Ketika ia mengingat kembali bagaimana ia memasuki lautan ini hanya dengan kekuatan tahap Pendirian Fondasi, ia menyadari betapa ceroboh dan bodohnya ia saat itu.
Untungnya, “Naga Banjir Iblis Biru” terletak di dekat bagian selatan laut, menyelamatkannya dari kematian yang pasti.
Sekarang, setelah menyeberanginya sendiri, ia benar-benar memahami luasnya Laut Utara.
Ia terbang dengan kecepatan penuh dan masih belum melihat ujungnya; bagi kultivator tingkat rendah hingga menengah untuk mencoba menyeberanginya sendirian hanyalah mimpi belaka.
Pada hari-hari berikutnya, Li Yan menjadi semakin waspada, mempertahankan ketinggian terbang sekitar sepuluh ribu kaki di atas permukaan laut. Meskipun ia masih diserang, itu jauh lebih baik daripada sebelumnya.
Waktu berlalu seperti anak panah, dan tujuh tahun berlalu dalam sekejap mata.

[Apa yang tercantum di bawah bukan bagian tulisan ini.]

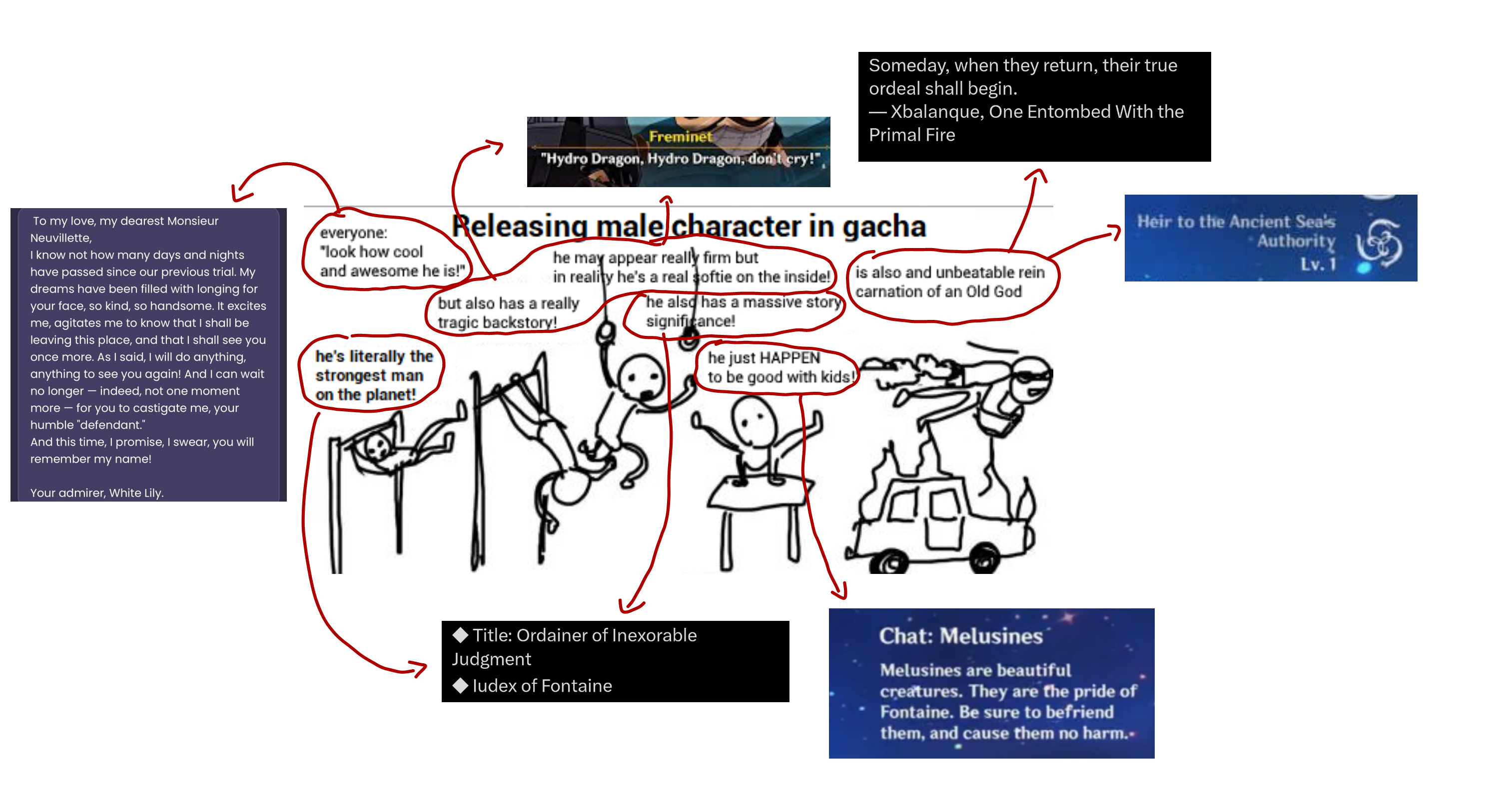 >>561573616>Meanwhile Neuvillette just does fucking everything.>Stopped Cheld, saved Meropide, saved Navia, could read that tablet, is literally the only one who can wield the hydro authority, etc.Hmph. Does everything and can do everything but does fucking nothing after aq besides taking it up the arse from some convict and playing with melusines. Truly the most reactive plot device fodder character of all times. Devs don't even know what to do with him afterwards besides making him the most pathetic piece of shit in the game.

Pada hari ini, kilatan cahaya hijau muncul dan menghilang di langit yang suram dan tak berujung di atas laut, hanya untuk muncul kembali seribu mil jauhnya di saat berikutnya.
Di puncak “Pohon Willow Penembus Awan,” sosok Li Yan dan kedua rekannya muncul.
Dalam beberapa tahun terakhir, Li Yan belum pernah bertemu satu pun kultivator, yang menunjukkan bahwa bahkan kultivator Nascent Soul lainnya pun enggan datang ke sini.
Kelompok itu tetap diam; selama beberapa tahun terakhir, mereka hampir setiap hari terlibat dalam pertempuran.
Penerbangan yang monoton dan tak berujung telah lama menghilangkan minat mereka untuk mengobrol santai, seandainya mereka tidak disibukkan dengan hal-hal lain.